BANKING

Move Your Money urges switch to community banks

PBN PHOTO/RYAN T. CONATY
LIFE COACH Kathy Black moved her accounts to The Washington Trust Co.
Posted 4/12/10

Abel Collins made the move in January.

He walked into a Bank of America branch in South Kingstown and asked to close his savings and checking accounts. He told the bank staff he planned to deposit his money into a nearby Newport Federal Saving Bank.

“They seemed sad about it,” Collins said of the BofA employees, recalling how they made a last-ditch effort to keep his business by noting that the bank had paid back its $45 billion federal bailout.

“I actually never had a bad experience at Bank of America,” said Collins, program manager at the Sierra Club in Rhode Island. “I wanted to take my money [out of a bank] that had helped to finance the housing bubble.”

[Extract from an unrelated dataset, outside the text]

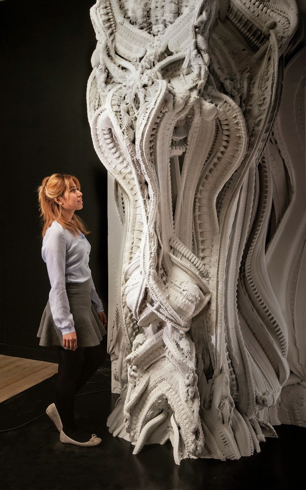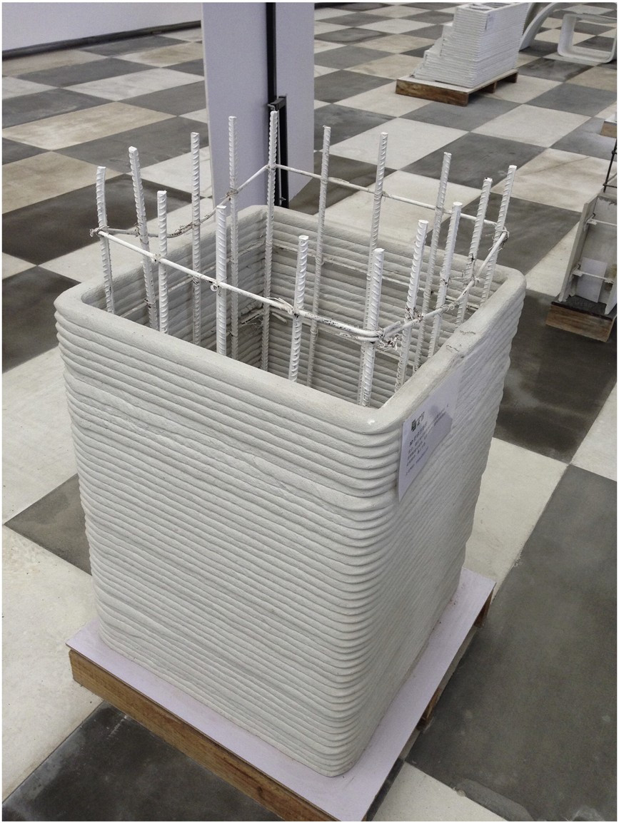 Nevýhodami se může jevit již zmiňované omezení sklonu stěn na cca 45 %, které limituje tvarovou volnost pro architekty, rozlišení tisku v řádu desítek mm a viditelnost vrstev (obr. 16), což u prvků se zvláštními požadavky na povrch vyvolává náklady vlivem dodatečných úprav povrchu dílců. Komplikované statické vyztužování prvků, limitující využití technologie pro ohybem namáhané konstrukce, je řešeno ručním vkládáním výztuže během tisku. Některé výzkumné projekty se snaží tuto skutečnost řešit tím, že využívají 3D tištěnou konstrukci jako ztracené bednění pro klasickou monolitickou betonáž s vloženou výztuží (obr. 17). 3D tištěné ztracené bednění díky tloušťce 3D tištěné obálky řeší minimální krytí výztuže a odstraňuje náklady na bednění a odbednění. Hlavní problém lze kromě obtížnosti dodatečného vyztužování např. vysokých sloupů a zakřivených tvarů spatřovat ve vroubkovaném povrchu takto vyrobené obálky, která nedosahuje kvalit klasicky bedněných prvků. Na principu ztraceného bednění je založen také projekt 3D tištěné sendvičové stěny, vyvíjený na americkém MIT, který spočívá v tisku obálky in situ, složené z dvou stěn z polyuretanu, do níž je ve druhém kroku vložena výztuž a následně je prostor obálky vyplněn monolitickým betonem.25

Collins is one of untold bank customers nationwide who have been inspired by the Move Your Money campaign, an Internet-based effort to convince people to shift their accounts from the banking giants to community-based institutions.

The movement started at the popular Web site The Huffington Post at the end of December as part of the backlash against financial institutions that are perceived to be too big to fail.

Proponents of Move Your Money contend pouring money into locally based banks and credit unions serves to punish the mammoth institutions that some say touched off the economic downturn, then received a taxpayer-financed bailout. Supporters say using a community bank has added benefits for the local economy.

The campaign has drawn a lot of attention, but its effects are difficult to measure, at least at this point.

Banks are due to file their first-quarter regulatory reports – which will include an accounting of deposits – with the Federal Deposit Insurance Corporation within the next month.

At the very least, Move Your Money organizers say the community-bank search feature on their Web site, moveyourmoney.info, has been used for every zip code in the United States.

The movement also has captured the attention of banks and credit unions, both big and small.

Big banks downplay its effects and contend that those customers who move will miss out on superior products at competitive prices.